开发环境配置说明：本项目使用 Python 3.6.13 和 PyTorch 1.10.2 构建，适用于CPU环境。

model.py：定义网络模型
train.py：加载数据集并训练，计算 loss 和 accuracy，保存训练好的网络参数
predict.py：用自己的数据集进行分类测试

model.py

import torch
from torch import nn, Tensor
from torch.nn import functional as F
from functools import partial
from typing import Optional, List, Callable


def _make_divisible(ch, divisor=8, min_ch=None):
    """
    :param ch: 输入特征矩阵的channel
    :param divisor: 基数
    :param min_ch: 最小通道数
    """
    if min_ch is None:
        min_ch = divisor
    #   将ch调整到距离8最近的整数倍
    #   int(ch + divisor / 2) // divisor 向上取整
    new_ch = max(min_ch, int(ch + divisor / 2) // divisor * divisor)
    #   确保向下取整时不会减少超过10%
    if new_ch < 0.9 * ch:
        new_ch += divisor
    return new_ch


#   定义 卷积-BN-激活函数 联合操作
class ConvBNActivation(nn.Sequential):
    def __init__(self,
                 in_planes: int,
                 out_planes: int,
                 kernel_size: int = 3,
                 stride: int = 1,
                 groups: int = 1,
                 #  BN层
                 norm_layer: Optional[Callable[..., nn.Module]] = None,
                 #  激活函数
                 activation_layer: Optional[Callable[..., nn.Module]] = None):
        padding = (kernel_size - 1) // 2
        if norm_layer is None:
            norm_layer = nn.BatchNorm2d
        if activation_layer is None:
            activation_layer = nn.ReLU6
        super(ConvBNActivation, self).__init__(nn.Conv2d(in_channels=in_planes,
                                                         out_channels=out_planes,
                                                         kernel_size=kernel_size,
                                                         stride=stride,
                                                         padding=padding,
                                                         groups=groups,
                                                         bias=False),
                                                         norm_layer(out_planes),
                                                         activation_layer(inplace=True))


#   SE模块
class SqueezeExcitaion(nn.Module):
    def __init__(self, input_c: int, squeeze_factor: int = 4):
        super(SqueezeExcitaion, self).__init__()
        squeeze_c = _make_divisible(input_c // squeeze_factor, 8)
        self.fc1 = nn.Conv2d(input_c, squeeze_c, 1)
        self.fc2 = nn.Conv2d(squeeze_c, input_c, 1)

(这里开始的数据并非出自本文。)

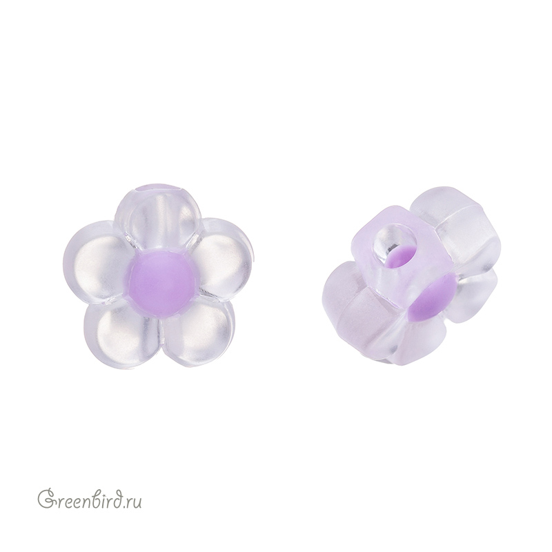 Бусина в виде прозрачного цветочка с цветной серединкой. Материал: пластик. Цвет: фиолетовый. Размер: 12,5 мм, толщина: 5,7 мм, отверстие: 3 мм. Производство: Китай. Цена указана за 1 шт.

    def forward(self, x: Tensor)-> Tensor:
        scale = F.adaptive_avg_pool2d(x, output_size=(1, 1))
        scale = self.fc1(scale)
        scale = F.relu(scale, inplace=True)
        scale = self.fc2(scale)
        scale = F.hardsigmoid(scale, inplace=True)
        return scale * x


#   定义V3的Config文件
class InvertedResidualConfig:
    def __init__(self,
                 input_c: int,
                 kernel: int,
                 expanded_c: int,
                 out_c: int,
                 use_se: bool,
                 activation: str,
                 stride: int,
                 #  阿尔法参数
                 width_multi: float):
        self.input_c = self.adjust_channels(input_c, width_multi)
        self.kernel = kernel
        self.expanded_c = self.adjust_channels(expanded_c, width_multi)
        self.out_c = self.adjust_channels(out_c, width_multi)
        self.use_se = use_se
        self.use_hs = activation == "HS"
        self.stride = stride

    @staticmethod
    def adjust_channels(channels: int, width_multi: float):
        return _make_divisible(channels * width_multi, 8)


#   V3 倒残差结构
class InvertedResidual(nn.Module):
    def __init__(self,
                 cnf: InvertedResidualConfig,
                 norm_layer: Optional[Callable[..., nn.Module]]):
        super(InvertedResidual, self).__init__()

        #   判断步幅是否正确
        if cnf.stride not in [1, 2]:
            raise ValueError("illegal stride value.")

        #   初始化 block 为 Identity 模块，确保即使在没有需要额外操作的情况下，
        #   self.block 仍是一个有效的 PyTorch 模块，可以被调用。
        #   这样做可以防止在前向传播中出现 AttributeError。
        self.block = nn.Identity()  # 或者 self.block = nn.Sequential()

        #   判断是否使用残差连接
        self.use_res_connect = (cnf.stride == 1 and cnf.input_c == cnf.out_c)

        layers = []
        activation_layer = nn.Hardswish if cnf.use_hs else nn.ReLU

        #   expand
        #   判断是否需要升维操作
        if cnf.expanded_c != cnf.input_c:
            layers.append(ConvBNActivation(cnf.input_c,
                                           cnf.expanded_c,
                                           kernel_size=1,
                                           norm_layer=norm_layer,
                                           activation_layer=activation_layer))

            # depthwise
            layers.append(ConvBNActivation(cnf.expanded_c,
                                           cnf.expanded_c,
                                           kernel_size=cnf.kernel,
                                           stride=cnf.stride,
                                           groups=cnf.expanded_c,
                                           norm_layer=norm_layer,
                                           activation_layer=activation_layer))
            #   判断是否使用SE结构
            if cnf.use_se:
                layers.append(SqueezeExcitaion(cnf.expanded_c))

            #   project
            layers.append(ConvBNActivation(cnf.expanded_c,
                                           cnf.out_c,
                                           kernel_size=1,
                                           norm_layer=norm_layer,
                                           activation_layer=activation_layer))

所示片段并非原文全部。